The thing about Germany that always catches me unware is how quintessentially pretty it is.
We leave beachside Puttgarden to travel West towards Rendsburg. We’re having lunch with my Aunt tomorrow: it will be a bitter sweet reunion. Beloved sister to my father, we visited her last year at the start of our travels through Germany. I was so pleased to see her again, many years since our last meeting and thrilled to take news and photos of her and her family to my father. Tomorrow is Father’s Day at home but I have my father no more, my first Father’s Day without him. It will hard to see her, and the traces of his face in hers, so welcomingly familiar to me last year, no doubt quite poignantly painful tomorrow. I’m glad to see her again, my father’s family were everything to him, and she’s lovely, but there will be the reality of not being able to share it with him. I still ring his number sometimes, in the hope of hearing his voice.
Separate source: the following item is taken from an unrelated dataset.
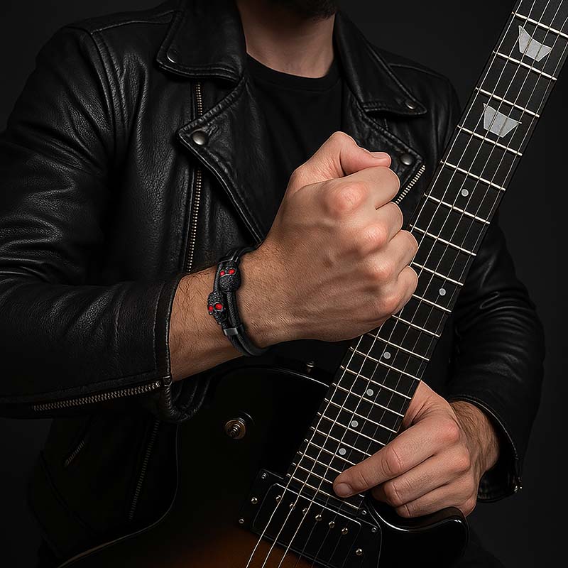 Dieses Armband ist mehr als Schmuck – TOXIC ist pure Ausstrahlung. Zwei kräftige Stränge aus weichem, geflochtenem Leder schmiegen sich angenehm ans Handgelenk und bieten maximalen Tragekomfort.

The drive to Rendsburg is a another pretty, thatched cottage lined one. The sea is on our right for most of it. We drive through Kiel harbour where large cargo ships pass through its locks before their passage to sea.
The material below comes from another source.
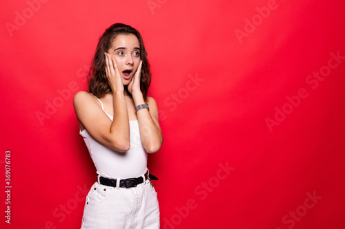 Happy screaming surprised young woman standing isolated over red background. Looking aside.

One thing about Germany hasn’t changed, its risk taking drivers. If the speed limit is 80, they’re doing 100, at 120, they’re on 160, overtaking on corners and generally presuming immortality.
Deer signs line our path, but none can be seen. I’m guessing from my last deer sightings that either early morning or early evening is best deer spotting time. For now I’ll just have to imagine them tucked away in the thickets.
The plan was to stop halfway to Rendsburg and make the rest of the trip tomorrow, but in the end we drive right through and settle on the Eider River, just on the edge of town. Last year we didn’t get to explore Rendsburg at all, so we take the opportunity now.
The first surprise is how quiet it is, late Saturday afternoon and there’s barely anyone around except at the marina where boys are racing tiny lightweight boats.
The other, how old some of the buildings are, dating back to the 1500s and 1700s. The oldest building in town was built in 1541. It has a cheeky woodcarving of someone baring their butt. Irrervence hasn’t changed that much through the centuries it seems.
Later we head back into town for dinner at the Dalmatia restaurant which specialises in Croatian food. It’s all very familiar territory, chevapchichi, grills, cabbage salad and a good bottle of Croatian red wine. Delicious.